◆ Required action ◆
In the data below, locate the line containing "NWT Crown &" and the line containing "Платье женское, прямого", then retype both and everything between them exactly. Pictures are not part of the copy.

◆ Dataset extract ◆
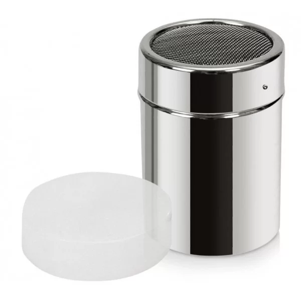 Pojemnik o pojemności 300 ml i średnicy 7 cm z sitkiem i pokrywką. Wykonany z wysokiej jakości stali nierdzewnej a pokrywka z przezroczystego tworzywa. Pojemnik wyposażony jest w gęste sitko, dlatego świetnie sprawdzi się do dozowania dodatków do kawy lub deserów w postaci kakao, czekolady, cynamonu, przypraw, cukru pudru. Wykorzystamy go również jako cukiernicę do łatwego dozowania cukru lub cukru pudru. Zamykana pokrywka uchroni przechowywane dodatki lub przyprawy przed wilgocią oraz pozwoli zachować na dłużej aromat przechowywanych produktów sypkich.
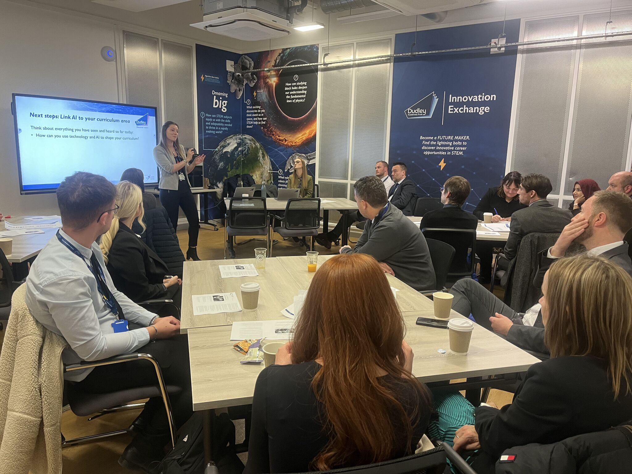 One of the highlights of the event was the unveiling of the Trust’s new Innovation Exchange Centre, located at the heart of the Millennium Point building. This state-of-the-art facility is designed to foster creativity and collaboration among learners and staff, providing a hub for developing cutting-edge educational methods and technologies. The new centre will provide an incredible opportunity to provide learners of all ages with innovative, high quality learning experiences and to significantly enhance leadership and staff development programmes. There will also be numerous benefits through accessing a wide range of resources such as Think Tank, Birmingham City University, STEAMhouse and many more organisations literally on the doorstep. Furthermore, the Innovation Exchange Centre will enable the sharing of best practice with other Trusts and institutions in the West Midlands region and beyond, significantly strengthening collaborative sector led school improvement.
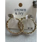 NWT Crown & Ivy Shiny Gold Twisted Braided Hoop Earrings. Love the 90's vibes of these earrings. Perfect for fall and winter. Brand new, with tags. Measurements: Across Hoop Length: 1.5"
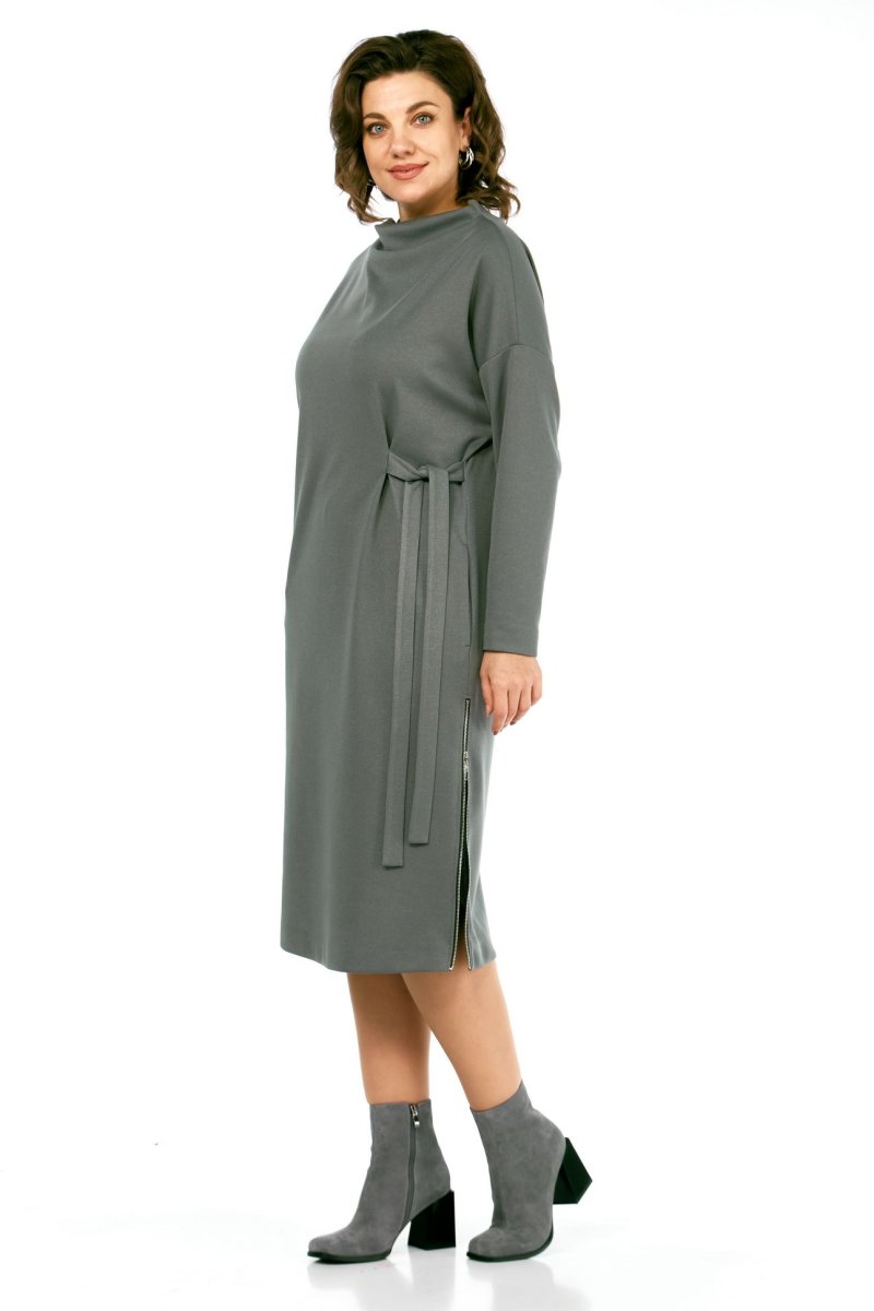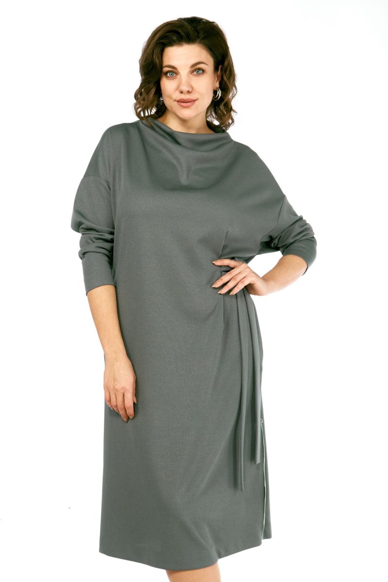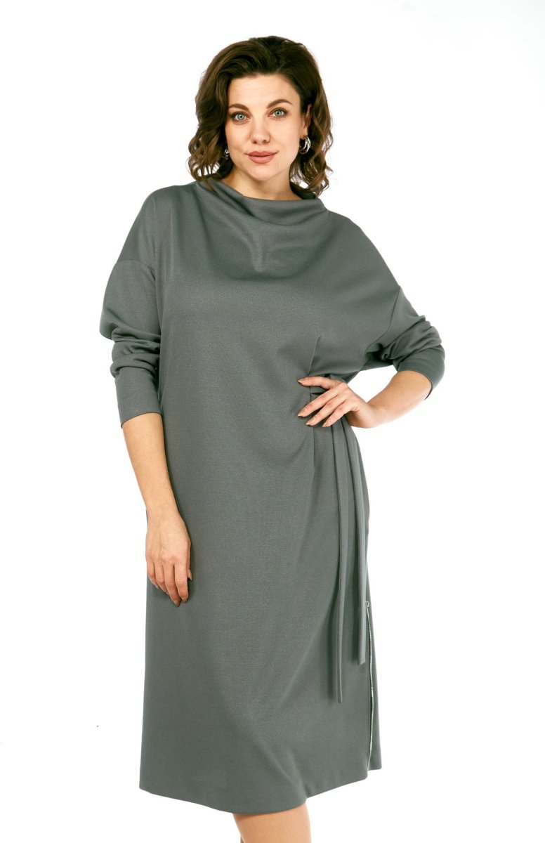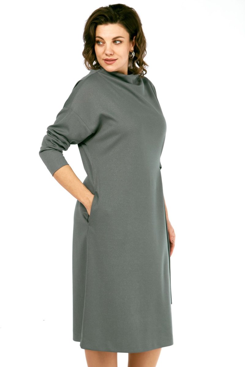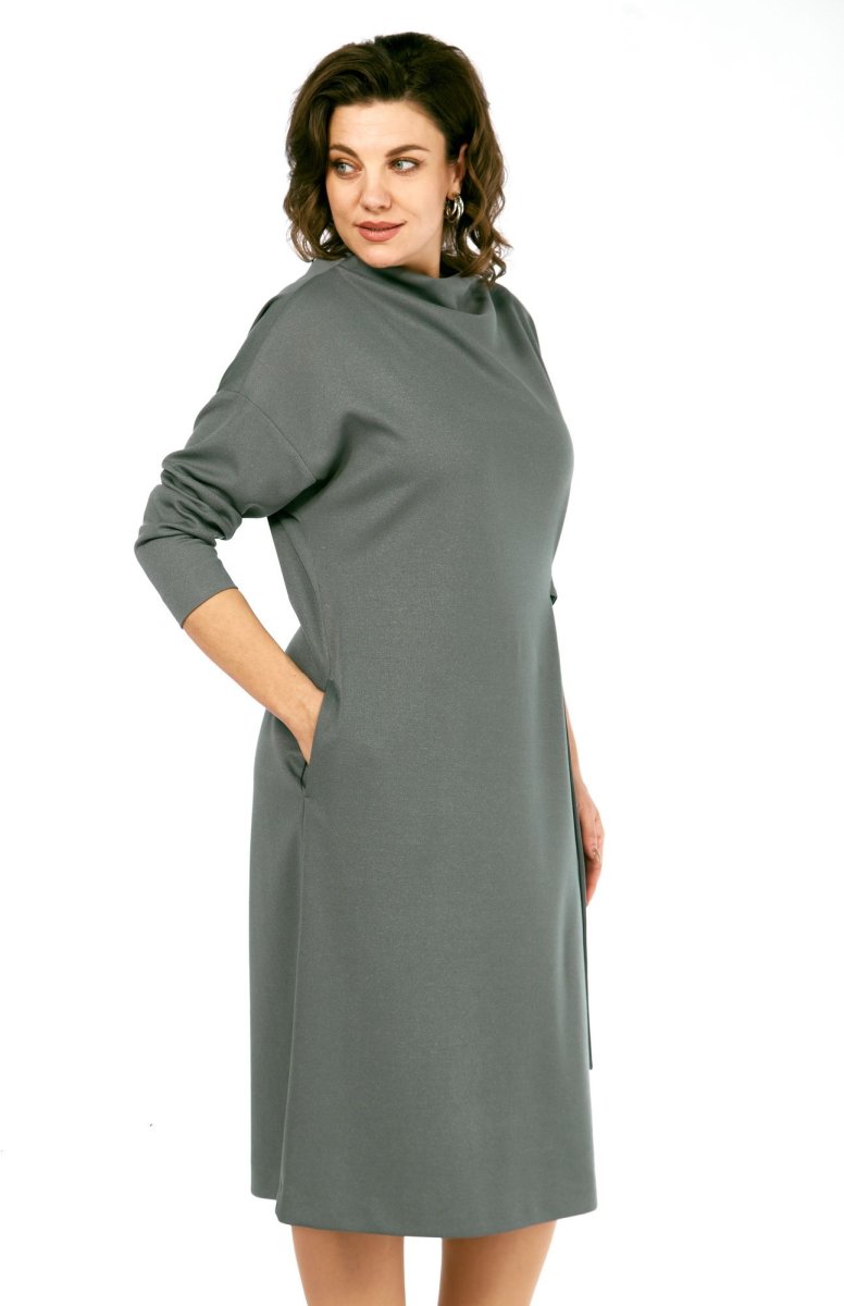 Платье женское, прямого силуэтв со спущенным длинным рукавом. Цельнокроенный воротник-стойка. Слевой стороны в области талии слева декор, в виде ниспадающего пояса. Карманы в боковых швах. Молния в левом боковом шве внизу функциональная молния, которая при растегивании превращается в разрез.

...

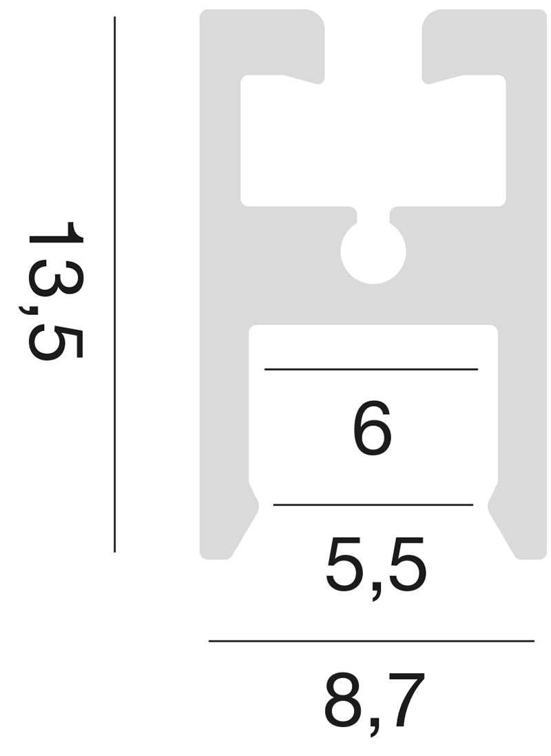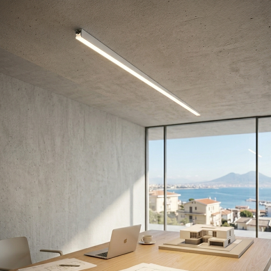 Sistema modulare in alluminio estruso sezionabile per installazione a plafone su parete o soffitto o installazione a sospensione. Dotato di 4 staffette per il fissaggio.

◆ Solution below ◆
 NWT Crown & Ivy Shiny Gold Twisted Braided Hoop Earrings. Love the 90's vibes of these earrings. Perfect for fall and winter. Brand new, with tags. Measurements: Across Hoop Length: 1.5"
 Платье женское, прямого силуэтв со спущенным длинным рукавом. Цельнокроенный воротник-стойка. Слевой стороны в области талии слева декор, в виде ниспадающего пояса. Карманы в боковых швах. Молния в левом боковом шве внизу функциональная молния, которая при растегивании превращается в разрез.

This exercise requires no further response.